We assume some familiarity with user-facing Terraform concepts like
configuration, state, CLI workflow, etc. The Terraform website has
documentation on these ideas.
## Terraform Request Flow
The following diagram shows an approximation of how a user command is
executed in Terraform:
![Terraform Architecture Diagram, described in text below](./images/architecture-overview.png)
Each of the different subsystems (solid boxes) in this diagram is described
in more detail in a corresponding section below.
## CLI (`command` package)
Each time a user runs the `terraform` program, aside from some initial
bootstrapping in the root package (not shown in the diagram) execution
transfers immediately into one of the "command" implementations in
[the `command` package](https://godoc.org/github.com/hashicorp/terraform/command).

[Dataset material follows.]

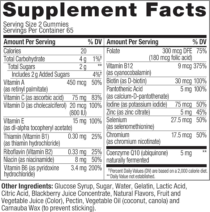 - DELIGHTFULLY TASTY: These men's multivitamins come in Blackberry Blitz flavor with other natural flavors with no synthetic colors or flavors and gluten-free. 130 gummies per bottle (65 day supply)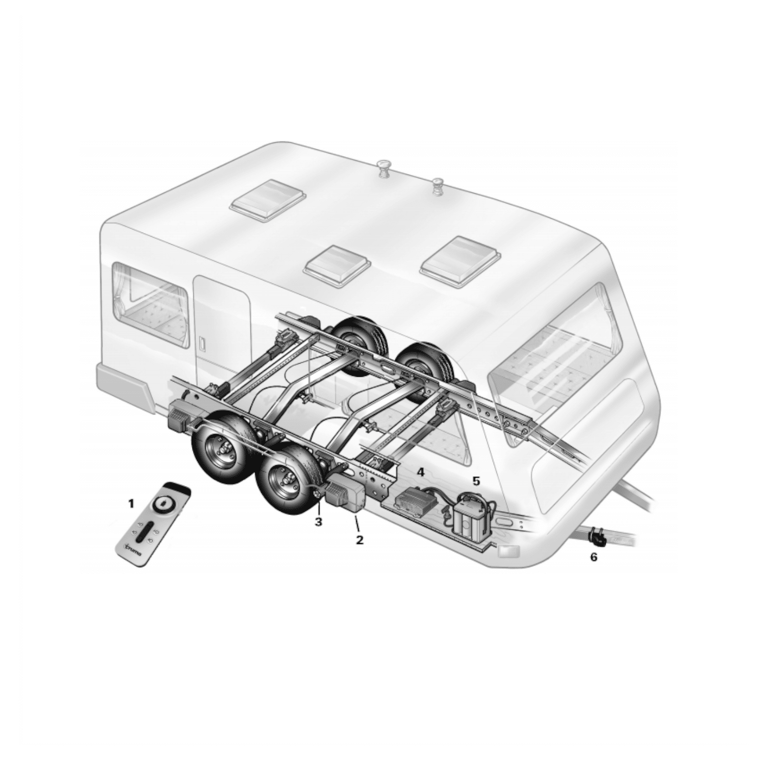3100 kilograma kadar çift dingilli karavanlar için manevra sistemi.

The mapping between the user-facing command names and
their corresponding `command` package types can be found in the `commands.go`
file in the root of the repository.
The full flow illustrated above does not actually apply to _all_ commands,
but it applies to the main Terraform workflow commands `terraform plan` and
`terraform apply`, along with a few others.
For these commands, the role of the command implemtation is to read and parse
any command line arguments, command line options, and environment variables
that are needed for the given command and use them to produce a
[`backend.Operation`](https://godoc.org/github.com/hashicorp/terraform/backend#Operation)
object that describes an action to be taken.
An _operation_ consists of:
* The action to be taken (e.g. "plan", "apply").
* The name of the [workspace](https://www.terraform.io/docs/state/workspaces.html)
where the action will be taken.
* Root module input variables to use for the action.
* For the "plan" operation, a path to the directory containing the configuration's root module.
* For the "apply" operation, the plan to apply.
* Various other less-common options/settings such as `-target` addresses, the
"force" flag, etc.
The operation is then passed to the currently-selected
[backend](https://www.terraform.io/docs/backends/index.html). Each backend name
corresponds to an implementation of
[`backend.Backend`](https://godoc.org/github.com/hashicorp/terraform/backend#Backend), using a
mapping table in
[the `backend/init` package](https://godoc.org/github.com/hashicorp/terraform/backend/init).
Backends that are able to execute operations additionally implement
[`backend.Enhanced`](https://godoc.org/github.com/hashicorp/terraform/backend#Enhanced);
the command-handling code calls `Operation` with the operation it has
constructed, and then the backend is responsible for executing that action.
Most backends do _not_ implement this interface, and so the `command` package
wraps these backends in an instance of
[`local.Local`](https://godoc.org/github.com/hashicorp/terraform/backend/local#Local),
causing the operation to be executed locally within the `terraform` process
itself, which (at the time of writing) is currently the only way an operation
can be executed.
## Backends
A _backend_ has a number of responsibilities in Terraform:
* Execute operations (e.g. plan, apply)
* Store state
* Store workspace-defined variables (in the future; not yet implemented)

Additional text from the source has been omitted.